An experienced biographer of British and Russian royals, Helen Rappaport presents us with the short, happy lives of the daughters of Russian Czar Nicholas II – four sheltered, earnest girls who never harmed a fly. Their little brother, Alexey, next in line to be czar, was the only other child the girls ever really knew: “The extraordinary closeness and self-sufficiency that was the mark of the four Romanov sisters persisted, as too their touchingly childlike innocence about the world.
But it was a strange hothouse atmosphere in which to grow up,” writes Rappaport in The Romanov Sisters: The Lost Lives of the Daughters of Nicholas and Alexandra.
Because assassinations of Russian government officials were not uncommon during Nicholas’s reign, which began in 1894, security was tight, and the czar and his family retreated from the public: “As a result, the Russian people, as one London paper observed, had absolutely no sense of the ‘sweet family life’ of their tsar and tsaritsa.’ ”
In their time, Olga, Tatiana, Maria, and Anastasia were depicted in international accounts as a cute, indistinguishable quartet. But Rappaport brings out each one’s character and does it neatly, with a fine touch. The only occasionally unsympathetic member of the czar’s family is Czarina Alexandra, who, though a loving and engaged mother, seems to have been a hypochondriac who spent long periods in bed.

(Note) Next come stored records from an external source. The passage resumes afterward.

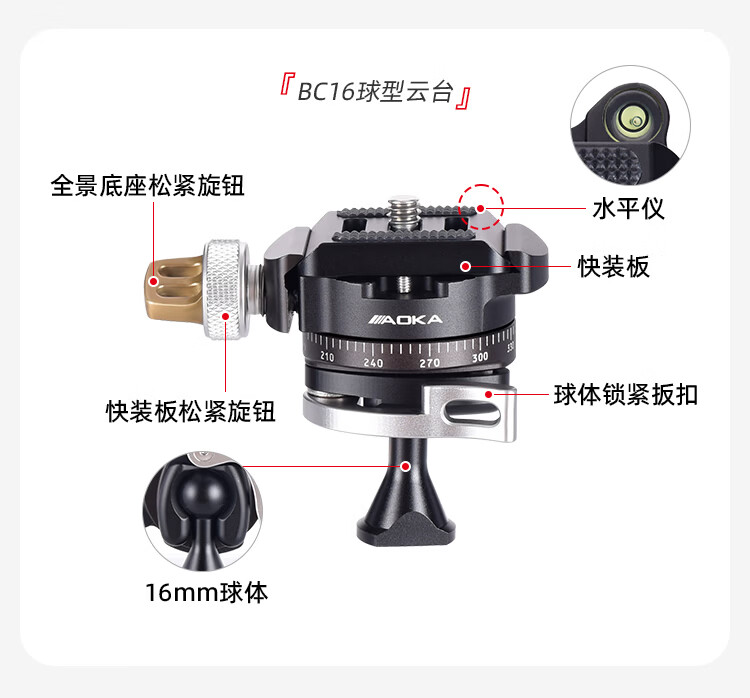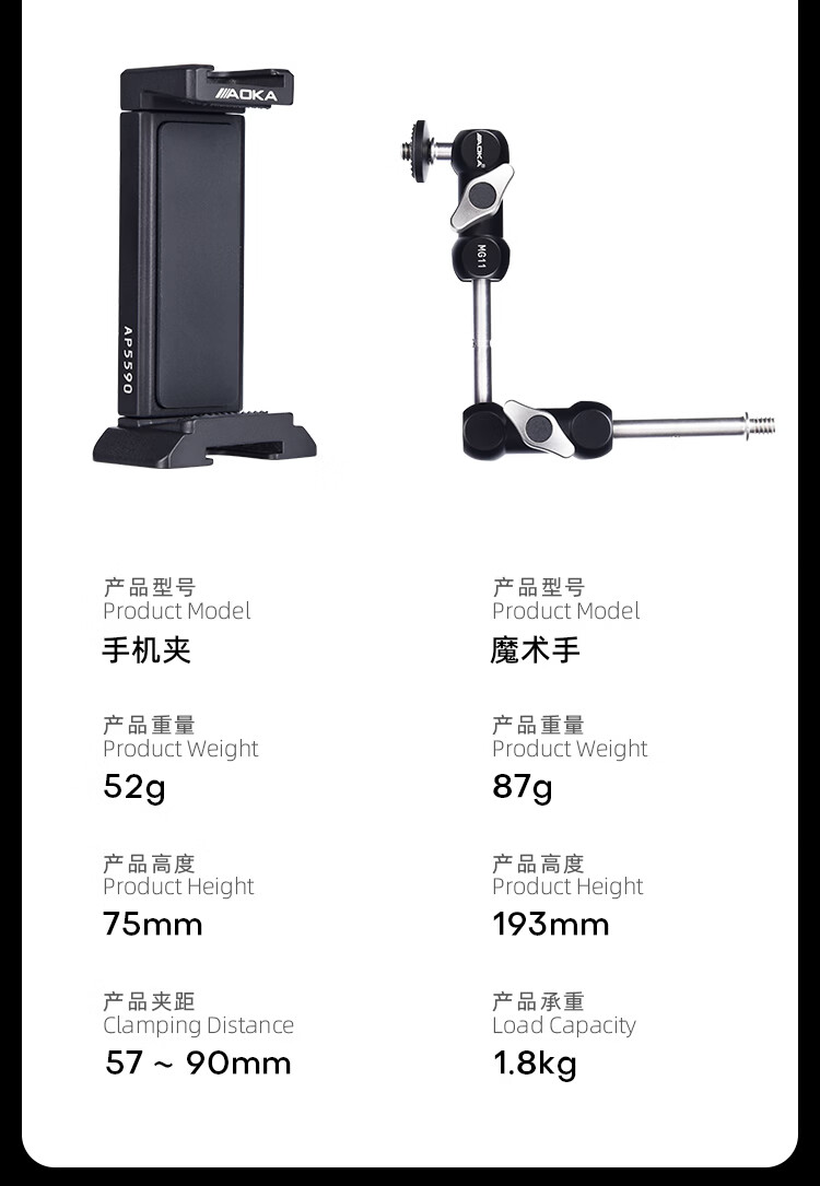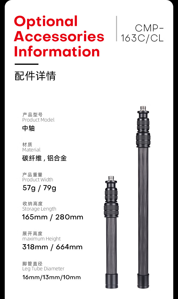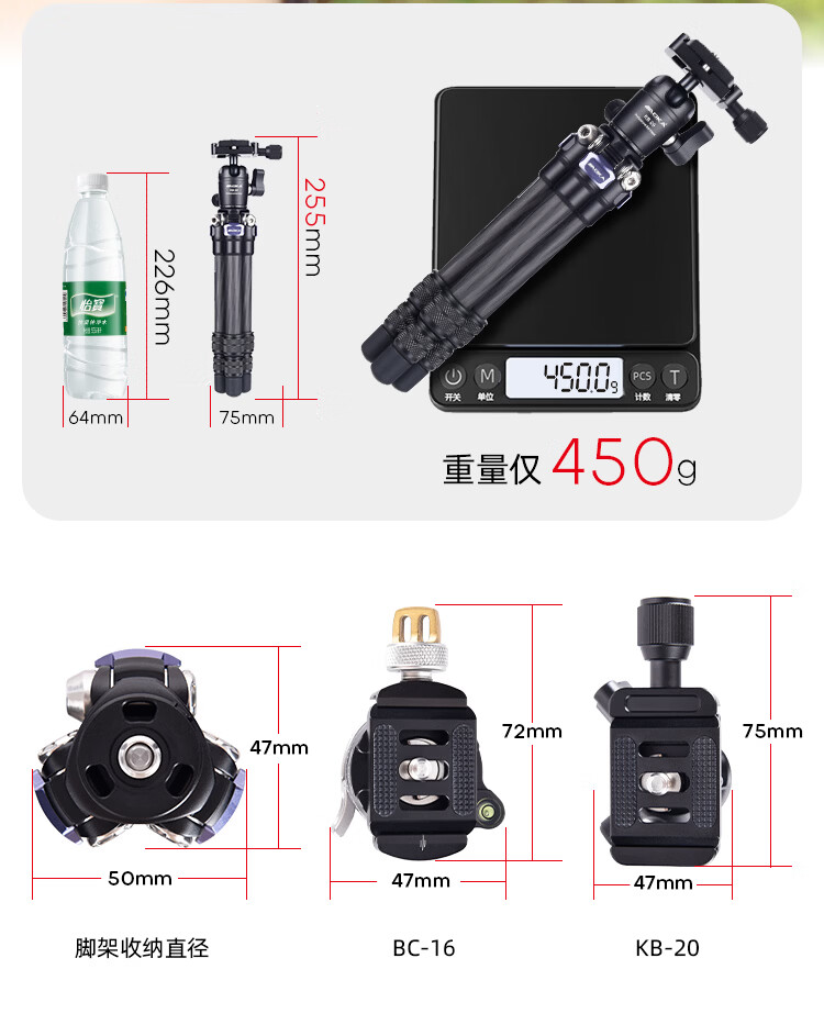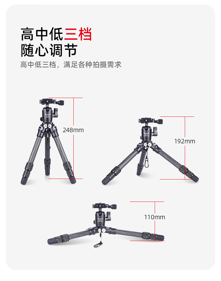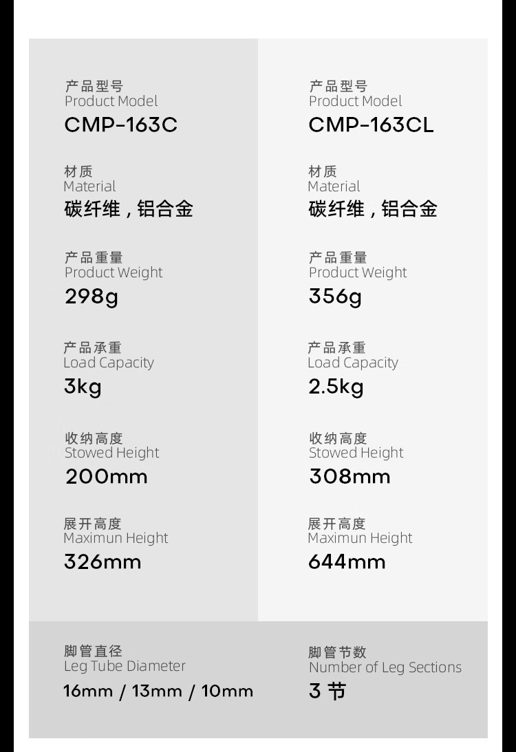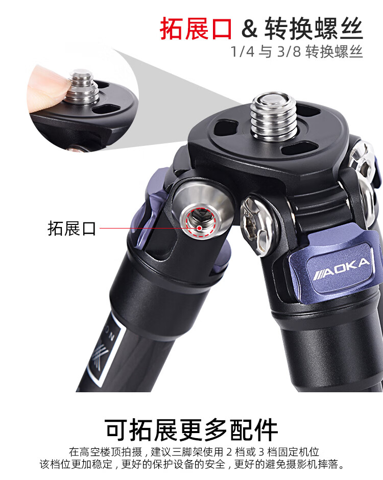 AOKA奥咔CMP163系列轻巧便携碳纤维三脚架手持单反微单摄影三角架手机旅行自拍直播拍摄vlog短视频 CMP163CL 脚架 + KB-20 + 中轴 + 手机夹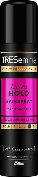 TRESemmé Extra Hold hiuskiinteen avulla viimeistelet kampauksesi kuin ammattilainen. TRESemmé Extra Hold tarjoaa salonkitason viimeistelyä hiuksillesi kätevässä 100 ml matkapakkauskoossa. Extra Hold on hiuskiinne, joka kuivuu nopeasti ja antaa kampauksellesi pitoa, joka kestää joka kahden vuorokauden ajan. Tämä hiuslakka pitää lentelevät irtohiukset kurissa ja varmistaa parhaan mahdollisen, mutta kuitenkin joustavan pidon. Nauti helposti hallittavasta kampauksesta, joka pysyy upeana joka säässä, sillä hiuskiinne suojaa kampaustasi myös kosteudelta.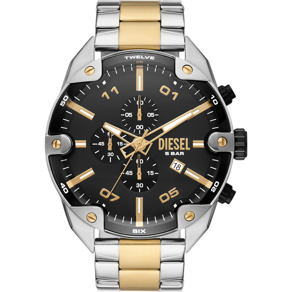 O Relógio Diesel DZ4627 faz parte da coleção Spiked, conhecida por seu design robusto e moderno. Fabricado com materiais de alta qualidade, possui caixa de aço inoxidável prata e pulseira de aço de 2 tons (prata e dourado), garantindo durabilidade e estilo. Este modelo se destaca por suas funcionalidades: cronógrafo, calendário, e resistência à água de 5ATM (50 metros). Com uma caixa de 49mm, é um acessório imponente adequado para homens de estilo. 2 anos de garantia internacional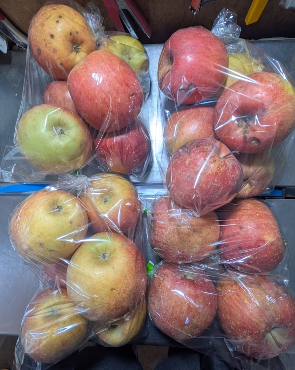 ふじリンゴの3Lサイズと4〜5Lサイズの袋詰めのサイズ混合です。着色不良やキズや割れ、黒い斑点等があります。家庭用の商品ですが、糖度は15〜17度程度あります。蜜は入っておりませんが、サクサクの食感です。
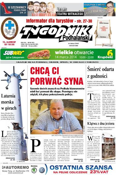 Tygodnik Podhalański to niezależne pismo regionalne – ukazuje się już od 1989 roku na terenie Podhala, Orawy, Spisza i Pienin. Od ponad dziesięciu lat dostępne jest także w Chicago i Toronto. Na jego łamach publikowane są aktualne informacje z regionu.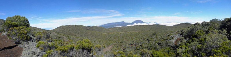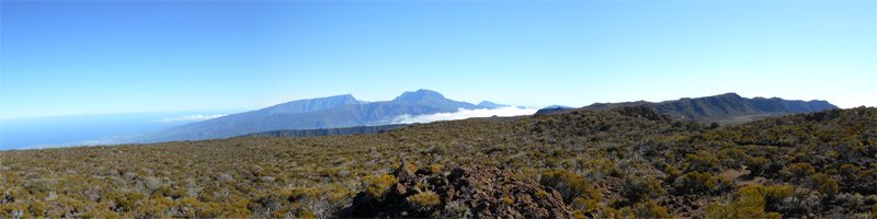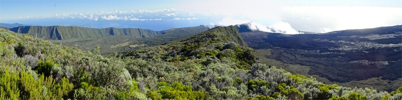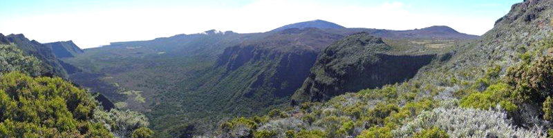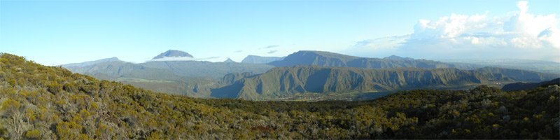 A gauche : Le Nez de Boeuf, les flancs du CommersonAu centre : La Plaine des Cafres et le Piton des Neiges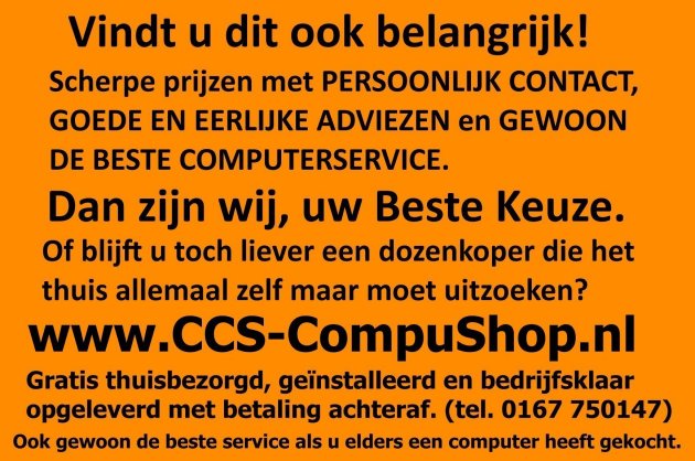 Als het om service en kwaliteit gaat, staat CCS geheel tot uw beschikking, voor zowel ... particulieren als het MKB. Voor vele diensten bent u bij ons aan het juiste adres en heeft u elders een computer gekocht waar u nu problemen mee heeft........ dan komen wij ook gewoon bij u op thuislocatie deze problemen oplossen.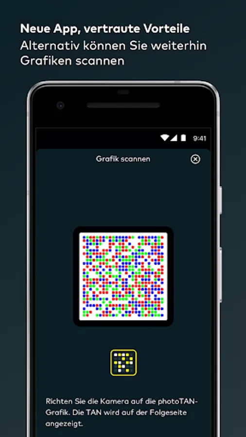 The usual scanning function of the comdirect photoTAN app is retained. This is recommended, for example, if your smartphone is not connected to the Internet. To do this, select the photoTAN procedure “photoTAN graphic” on your computer and then open the scan function at the bottom left of the comdirect photoTAN app on your smartphone.
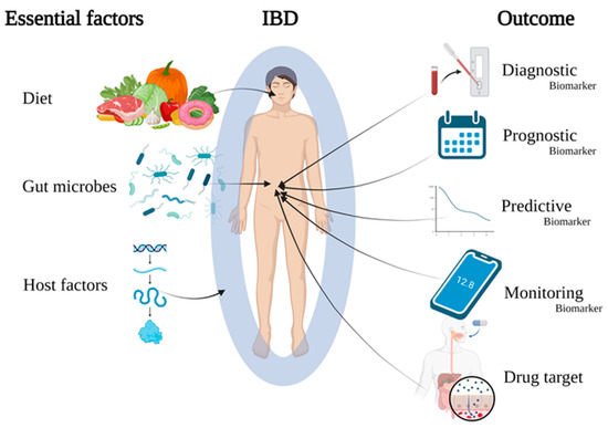 Therefore, this review synthesises state-of-the-art research addressing the unmet needs for rational management of IBD. Thus, biomarkers reflecting interactions between diet, gut microbes and the patient immune system, essential factors for IBD initiation and progression, are considered successful strategies to advance personalised medicine in IBD. Consequently, research characterising these interactions has been increasingly prioritised, fuelled by advances in technology and data integration.
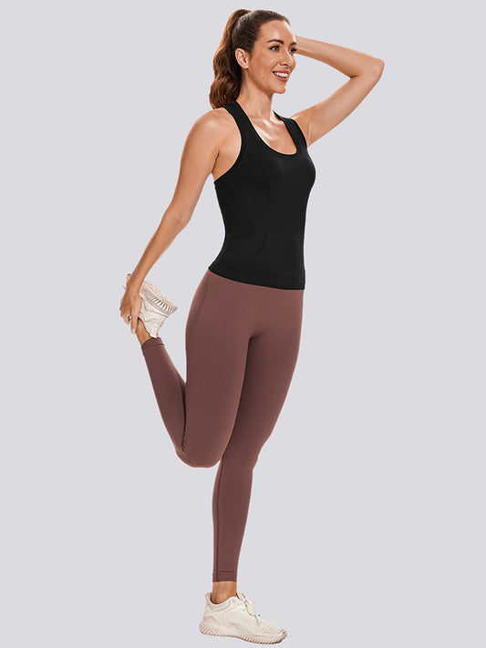 MATHCAT Padded Scoop Neck Slimming Ribbed Gym Tank Top with Built in Bra

Nicholas was stubborn about maintaining his power but apparently not skillful at using it. Rappaport’s focus, however, is on the arena in which he excelled: “History may have condemned him many times over for being a weak and reactionary tsar, but he was, without doubt, the most exemplary of royal fathers.” (Rappaport is mum, for the most part, about the frustration and anger that Nicholas’s repressive measures created, preferring that we blame wily charlatan Rasputin.)
While we know that the family’s fate will be tragic, the girls don’t, and Rappaport, with a light hand and admiring eyes, allows the four Grand Duchesses to grow on us as they grow up. When World War I erupted in 1914, the two eldest girls, Olga and Tatiana (then 19 and 17, respectively), took up nursing: “The Romanov sisters and their mother were not spared any of the shock of their first confrontation with the suffering of the wounded.... [T]hey were thrown in at the deep end, dealing with men who arrived ‘dirty, bloodstained and suffering’ ” and yet they took it well.
Variably rambunctious, moody, cute, and hardy, the girls invited the sympathy of those who met them, particularly after the family was taken captive and stripped of their privileges in 1917. “‘The family is bearing everything with great sangfroid and courage,’ ” reported an aide of Nicholas’s in Tobolsk, where they spent several months: “ ‘They apparently adapt to circumstances easily, or at least pretend to, and do not complain after all their previous luxury.’ ”
An engineer in Ekaterinburg, the family’s final stop in captivity, had hated the sisters for their position, yet relented when he saw them in person: “ ‘It felt that my eyes met those of the three unfortunate young women [Maria was captive elsewhere in town, accompanying her parents] just for a moment and that when they did I reached into the depths of their martyred souls, as it were, and I was overwhelmed by pity for them – me, a confirmed revolutionary.’ ”
When White Army forces began making a move toward Ekaterinberg, the Red revolutionaries there had the ex-czar and his family murdered on July 17, 1918, in the name of order and in the spirit of vengeance.
Bob Blaisdell reviews books on Russian history and literature.